New York State Federation Basketball Championships
| Sport | Number of Championships | Years won |
|---|---|---|
| Boys Basketball | 8 | 1981, 1982, 1994, 1997, 2009, 2011, 2012, 2019 |
| Girls Basketball | 4 | 2011, 2013, 2014, 2015 |

==Summer programs==

In addition to its scholastic activities, LuHi hosts a Summer Program during the summer months. LuHi Summer Programs offer a wide variety of programs throughout four 2-week sessions including sports schools, arts & education programs, and all-around programs, which allow campers to participate in a wide range of recreational activities.

==Notable alumni==
- Bill Chamberlain (1968), former professional basketball player for the Phoenix Suns, the Memphis Tams, the Kentucky Colonels, and the University of North Carolina
- Reggie Carter (1975), former professional basketball player for the New York Knicks and St. John's University
- Wayne McKoy (1977), former professional basketball player in Spain and for the St. John's Redmen
- Bill Wennington (1981), former professional basketball player for the Chicago Bulls, among other NBA teams, and St. John's University; 3-time NBA Champion (1996, 1997, 1998) with the Bulls; color commentator for Chicago Bulls radio broadcasts on ESPN Radio 1000
- Jipsta (1992), (attended from 1987–1989), a Top 5 Billboard recording artist; who had six consecutive Top 10 appearances on the Dance Club Songs chart published by Billboard
- Tom Kelly (1994), Stand Up Comedian; known for work as warm up comedian for ABC's The View, Good Morning America, $100,000 Pyramid.
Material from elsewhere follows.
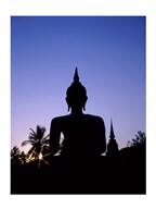 Silhouette of Buddha and temple during sunset, Sukhothai, Thailand

Also known for his unique takes on Long Island Culture and the Tom Kelly Show podcast.
- Vassil Evtimov (1996), former professional basketball player
- Drew Nicholas (1999), former professional basketball player for the University of Maryland; 2002 NCAA National Champion with Maryland; 2-time Euroleague Champion (2009, 2011) with Panathinaikos; 2005–06 Alphonso Ford Trophy winner as the Euroleague top scorer
- Shamar Stephen (2009), former professional American football player for the Minnesota Vikings; seventh round draft pick (220th overall) of the Minnesota Vikings in the 2014 NFL Draft; former defensive tackle for the University of Connecticut
- Kentan Facey (2013), basketball player who plays professionally in France
- Devonte Green (2016), basketball player who plays professionally in Sweden
- Sarah Mortensen (2016), basketball player who played overseas
- Jordan Walker (2017 - transferred), basketball player who plays professionally in Greece
- Messiah Swinson (2018), NFL tight-end
- André Curbelo (2019), basketball player for the Southern Miss Golden Eagles. Also plays nationally for Puerto Rico
- Zed Key (2020), basketball player or the Dayton Flyers
- Ryan Dunn (2021), basketball player for the Phoenix Suns
- V. J. Edgecombe (2024), basketball player for the Philadelphia 76ers
- Kate Koval (2024), college basketball player
- Syla Swords (2024), basketball player for the Michigan Wolverines, represented Canada at the 2024 Summer Olympics
- Kiyan Anthony (2025), basketball player for the Syracuse Orange, son of Carmelo Anthony.